Schema Encoder Used to encode database Schema information. That s = (c, t) = s (c, t) = s (c, t) said (schema), a database structure including c = {(c1, ϕ I),… , (cn, ϕ n)} c = \ left \ {\ left (c_ {1}, \ phi_ {I} \ right), \ ldots, \ left (c_ {n}, \ phi_ {n} \ right) \ right \} c = {(c1, ϕ I),… ,(cn,ϕn)} represents all columns and their type information, and t represents all tables.

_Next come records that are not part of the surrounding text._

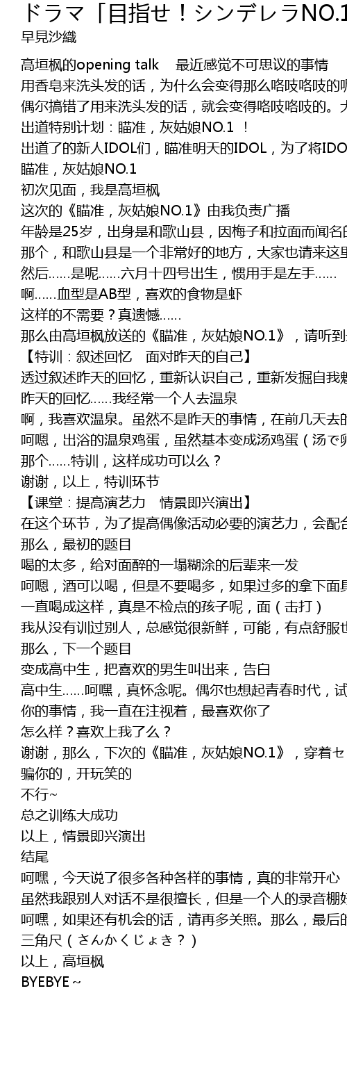 | [01:53.000] | 那么由高垣枫放送的《瞄准,灰姑娘NO.1》,请听到最后呢~ |
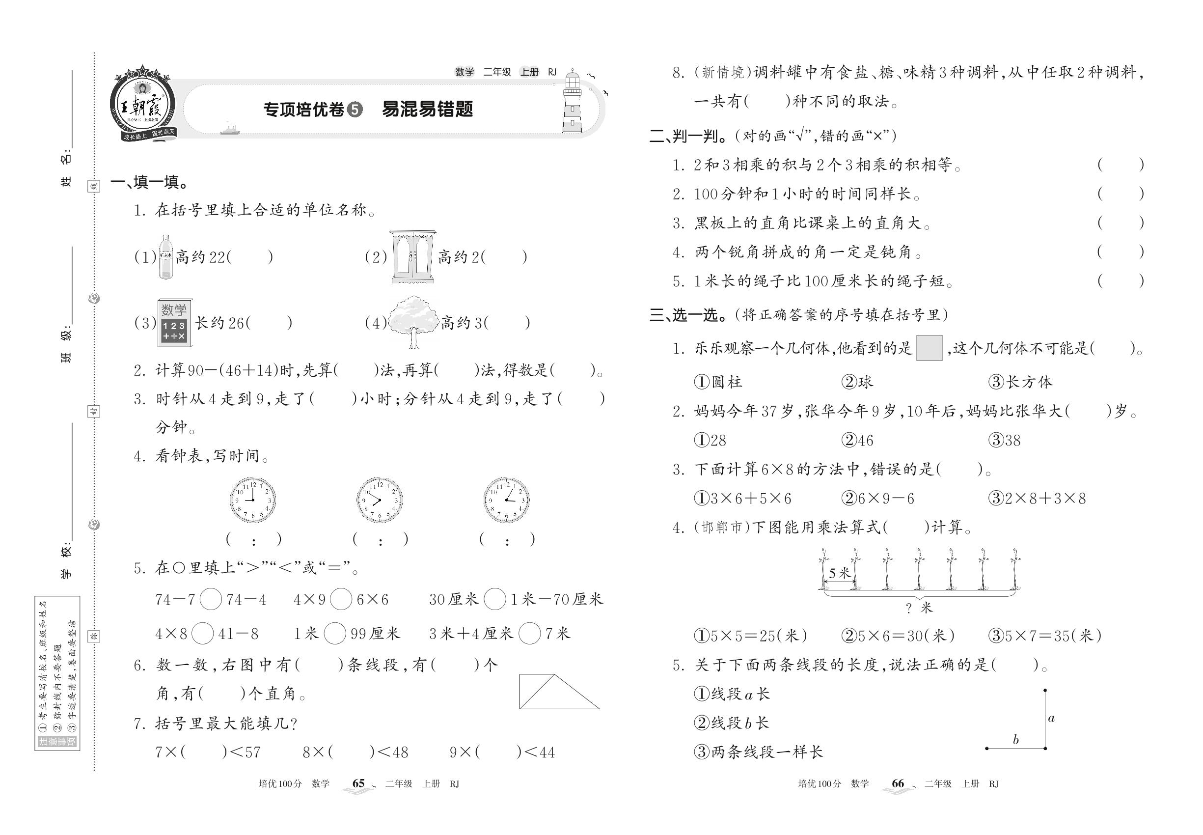 2022上册二年级数学人教版 专项培优卷5 易混易错题
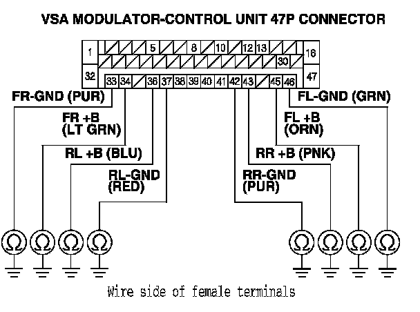 16. Check for continuity between body ground and the appropriate wheel speed sensor +B and GND terminals of the VSA modulator-control unit 47P connector individually (see table).
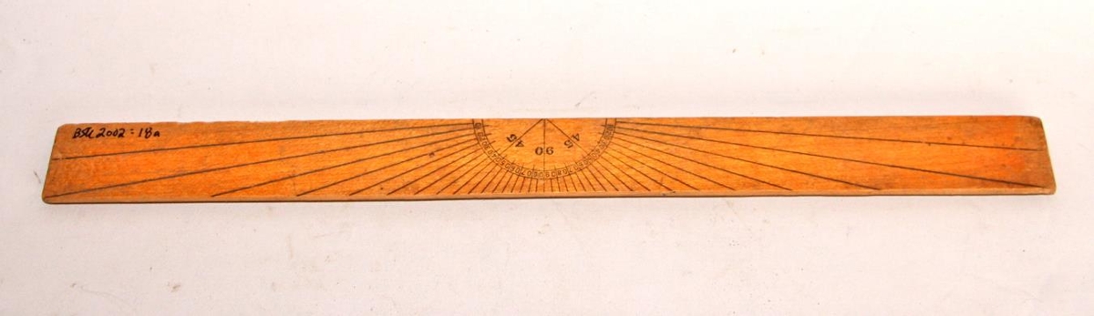 A) er úr tré, 30 cm löng og 3 cm á breidd, svolítið kúpt og með rauf öðru megin. Hinu megin eru hornmælingar.
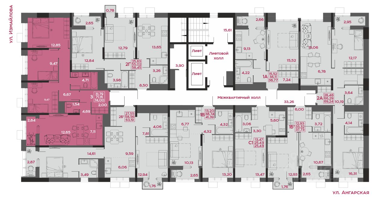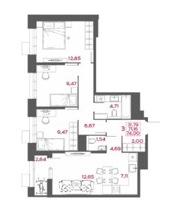 Общая площадь74 м²
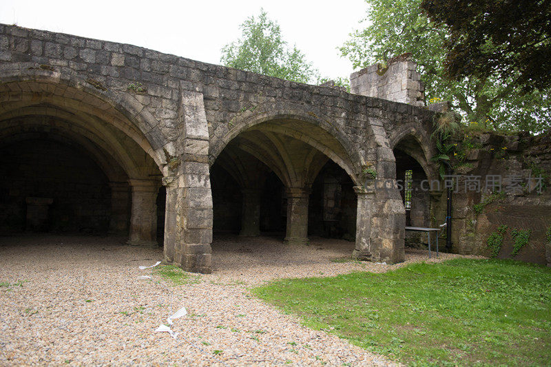 约克圣玛丽修道院残存的哥特式石拱回廊,粗粝砂岩柱墩支撑连续尖券,地面铺满碎石与零星纸屑;右侧绿草茵茵,藤蔓攀爬断壁,背景树影婆娑,展现时间侵蚀下建筑与自然和谐共存的沧桑美感。
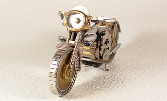 A commissioned work I did. The man holds a rose that loses petals to the wind, the woman catches them in a net. Made almost entirely from guitar/bass strings and nail polish (the headlamps each have a bit of broken reflective glass in them).Related content
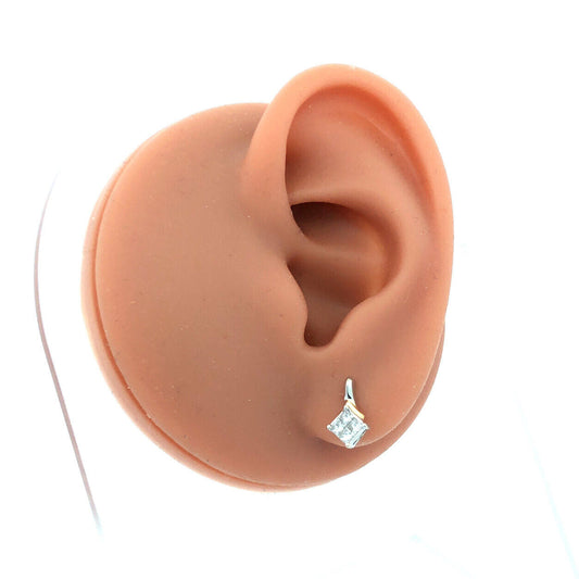 Designer 14K White & Yellow Gold 0.13ct Princess Diamond Stud Earrings

The Schema Encoder takes the entire S as input and outputs the representation of all fields, EcE_cEc, and the representation of the table, EtE_tEt.

Decoder

Decoder end is used to decode SemQL output. Based on a grammar-based decoder, the output is predicted. At each time step, the decoder will produce output from one of three actions:

  • ApplyRule(R): Apply a production rule R to the current spanning tree of a SemQL query.
  • SelectColumn(C): Select a field C from the database structure (Schema);
  • SelectTable(T): Select a table T from the database schema;

IRNet also designs a memory Augmented Pointer network for selecting columns during synthesis; When a field is selected, the network first decides whether to select it in memory, unlike vanilla Pointer Network, The motivation for innovation here comes from the author’s observation that Vanilla Pointer Network tends to select the same field, so if we decide whether to select it in memory first, this situation can be improved.

The experiment

The experimental results of IRNet in Spider are as follows:

The author also experimented with some other neural network models to modify SemQL prediction methods. It can be seen that by introducing SemQL, the previous SQLNet, TypeSQL, SyntaxSQLNet methods have a good performance improvement.

conclusion

This article introduced an approach to introducing an intermediate representation of SemQL in a text-to-SQL task: IRNet. This approach represents a significant improvement over the previous baseline on the Spider dataset. At the same time, the authors introduced SemQL into some of the previous baseline methods, resulting in performance improvements for the previous methods, which may justify the introduction of this intermediate representation. The next blog post will introduce several ways to solve text-to-SQL problems using GNN as a graphical neural network.